Man, it’s been a long … well, I don’t know how long it’s been. We’ve been outside this learnin’ building for what seems like forever, ya know? I still am not quite sure what we’re doing, either. It seems like all we do is shut down sidewalks and drill big holes. I mean, I like making holes, don’t get me wrong. I pretend I’m back in my sandbox as a kid, only I get paid for this now. God bless America.
I like digging these holes a lot, but man, the best part about this job is the tools we get to be using. They’re loud and proud, just like me. Some mornings I drill and drill away just ‘cause I like the sound, ya know?
Man, though, this mornin’ some sweater wearing, beard-havin’, book-teachey guy came out and yelled at me because I was “interrupting his class.” Now that got me all pissed and whatnot. If I weren’t such a nice fellow, I’d go into his classroom and tell all those nerds to stop wasting their time in class, learnin’ about Shakespeare and his band of femmes, and to get on out in the real world and work with me and my brothers. The fresh air, the freedom and the loud noises; construction’s got it all, ya know?
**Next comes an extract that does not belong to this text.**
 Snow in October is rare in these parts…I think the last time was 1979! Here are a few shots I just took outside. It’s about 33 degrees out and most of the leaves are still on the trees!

I will say, maybe there is something to all this school-goin’. There are some tasty-looking females wandering around this here campus. Maybe I should go back and get my degree just to sit next to Heather Hottie or Kelly Kinky over there. Those tight drawers with “PINK” written on the back really send my jackhammer into overdrive.
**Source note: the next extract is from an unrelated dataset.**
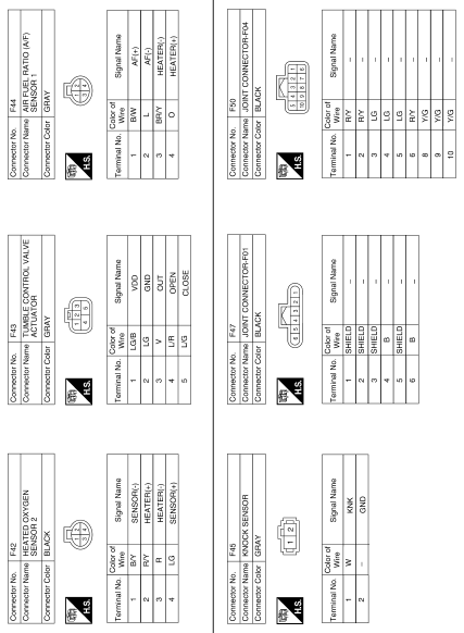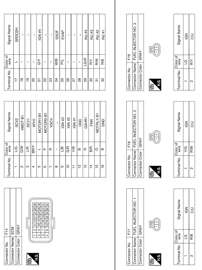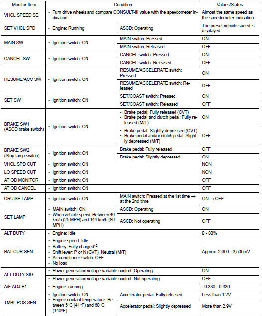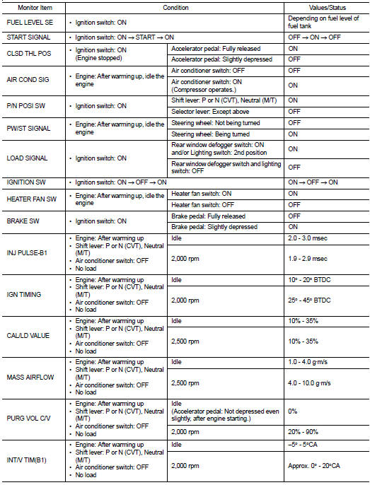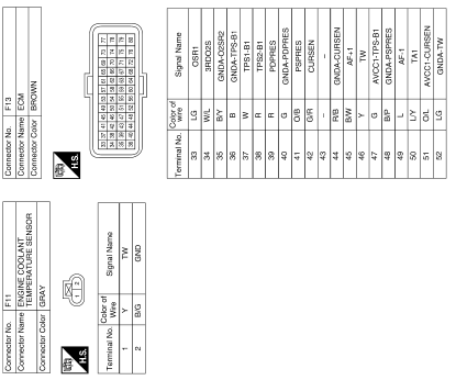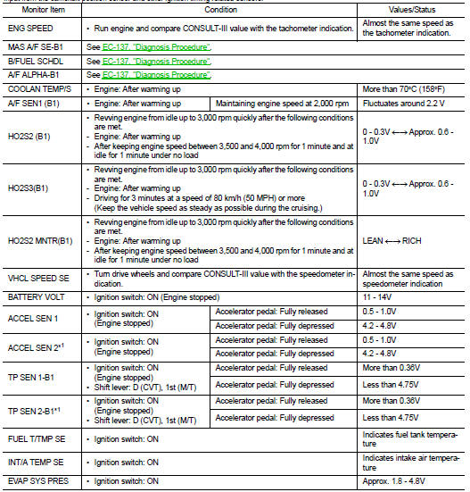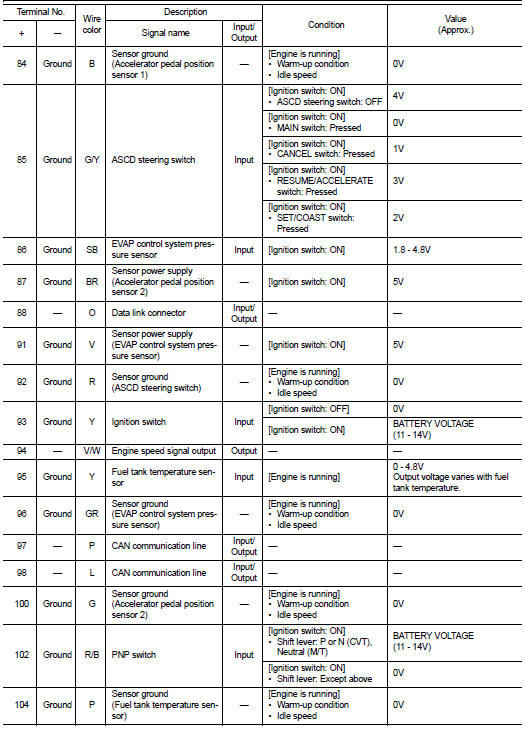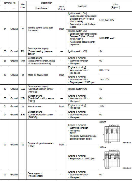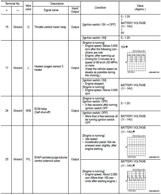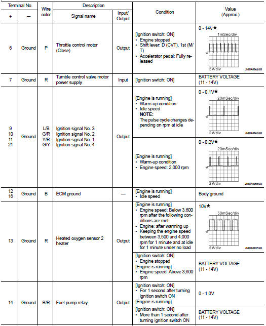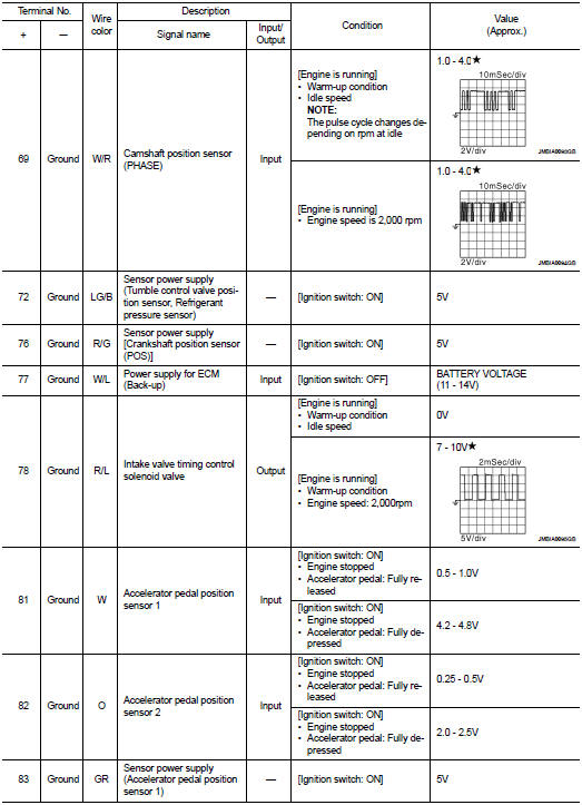 *1: Accelerator pedal position sensor 2 signal and throttle position sensor 2 signal are converted by ECM internally. Thus, they differ from ECM terminals voltage signal.

I have to master this gawking, though. Just the other day I narrowly missed my you-know-who’s with a jackhammer – boy, would my face have been red.
I have figured out that these ladies like to go to this place called Wingers. Man, I’ve been there before, and I’m not a fan. If I wanted to go to a sticky place with a bunch of other brosephs checking out females, I’d just go to a strip club. At least those ladies appreciate a man with a job throwing dollars at ‘em.
I’m getting off-topic, though. What was I saying? Oh yeah, holes. This campus is full of ‘em. I haven’t been told when we’re shutting all this stuff down.
I heard a rumor there’s a secret contest between chancellors about who can get more empty holes and construction on their campus. I’ll help you out there, Wellsy. I don’t know what chancellors do, but I heard they have magic powers. Man, if I had magic powers, I don’t know what I’d be getting. Maybe two jackhammers for hands. They could call me “The Jackhammer.” Man, that’s a bitchin’ nickname.
I should get back to work; these holes aren’t going to dig themselves, and these ladies aren’t going to whistle at themselves neither. I wonder if they all have MySpace.
Disclaimer: This article appears in our Halloween Issue and is satirical in nature.